(Data records)
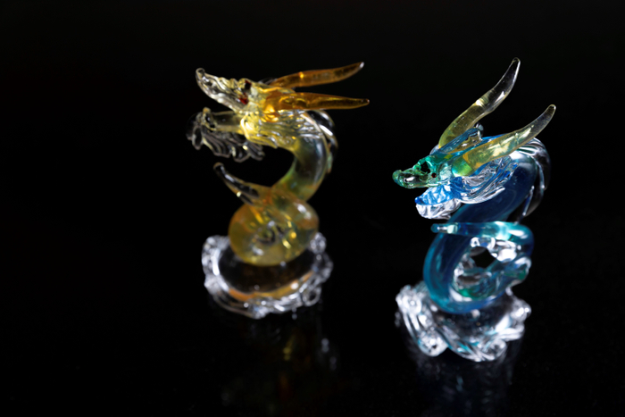 毎年大人気のガラスの鏡餅や、2024年の干支である辰(龍)のオブジェなど、自分用にも、贈り物にもぴったりのアイテムがずらりと並びます。手のひらサイズの作品が多いので、日常生活に縁起物を気軽に取り入れることができます。
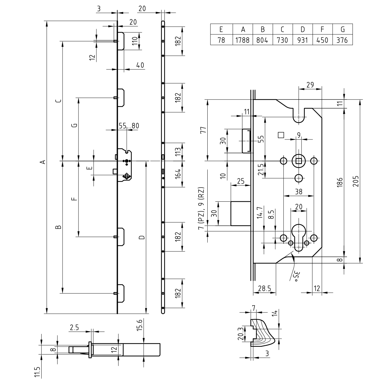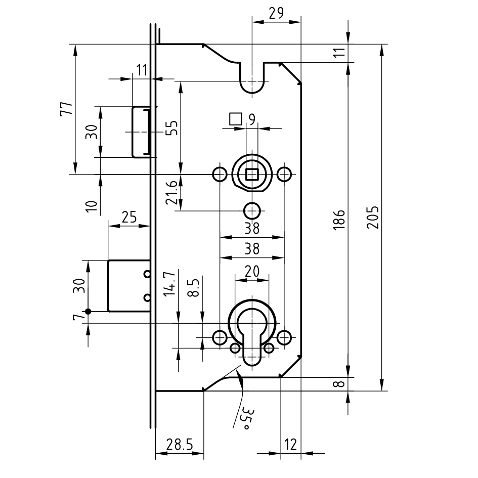 Stahl verzinkt, mit Ausschnitt für Riegel und Falle, sowie für Riegelbolzen oben und unten von Mehrpunktverriegelungen Mint 1895, universal DIN rechts und DIN links verwendbar, ohne Schrauben
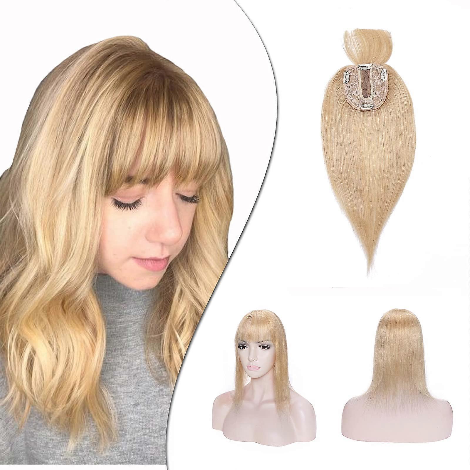 Human Hair Topper with Bangs Silk Base Clip In Crown Topper Natural Blonde Remy 10 Inch 35g
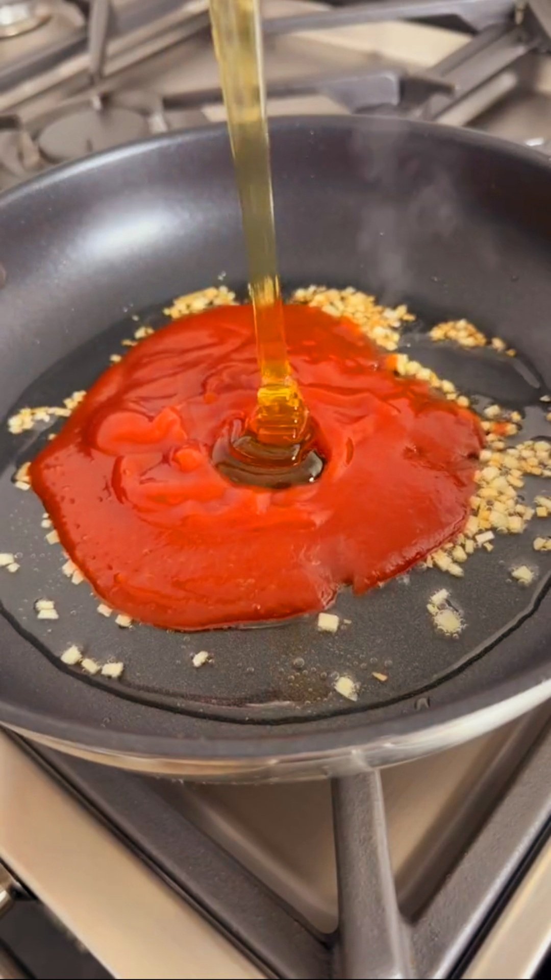 - Make Sauce: Reduce heat to medium. Add garlic and ginger to the skillet and sautΓ© for 30 seconds until fragrant. Add honey, soy sauce, rice vinegar, and red pepper flakes. Whisk, scraping up browned bits from the pan.
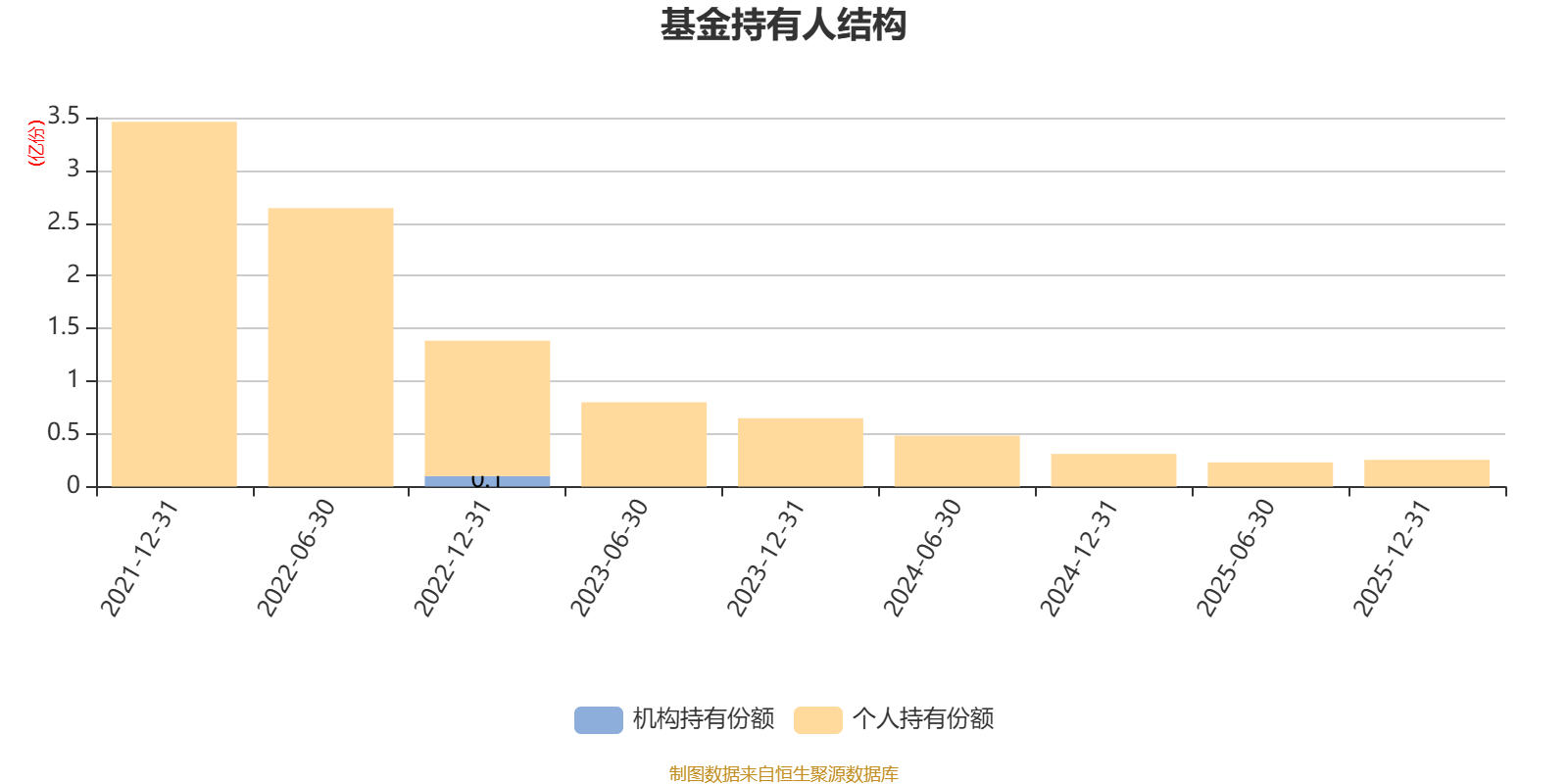 截至2025年12月31日,基金持有人共计719户,合计持有2536.62万份。其中管理人员工持有23.2万份,占比0.91%,个人投资者占比100.00%。
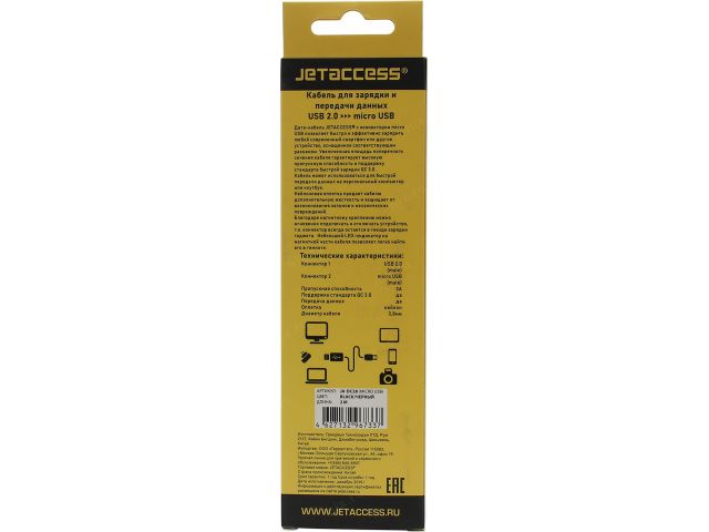 JETACCESS JA-DC28 2м Black Кабель USB 2.0 AM-- съёмный магнитный USB micro-B 2м

* AIM OF THE EXERCISE
No pictures should appear in the copy. Reproduce exactly the lines from the line containing "Human Hair Topper" through the last line of the data, inclusive.

* WORKED SOLUTION
 Human Hair Topper with Bangs Silk Base Clip In Crown Topper Natural Blonde Remy 10 Inch 35g
 - Make Sauce: Reduce heat to medium. Add garlic and ginger to the skillet and sautΓ© for 30 seconds until fragrant. Add honey, soy sauce, rice vinegar, and red pepper flakes. Whisk, scraping up browned bits from the pan.
 截至2025年12月31日,基金持有人共计719户,合计持有2536.62万份。其中管理人员工持有23.2万份,占比0.91%,个人投资者占比100.00%。
 JETACCESS JA-DC28 2м Black Кабель USB 2.0 AM-- съёмный магнитный USB micro-B 2м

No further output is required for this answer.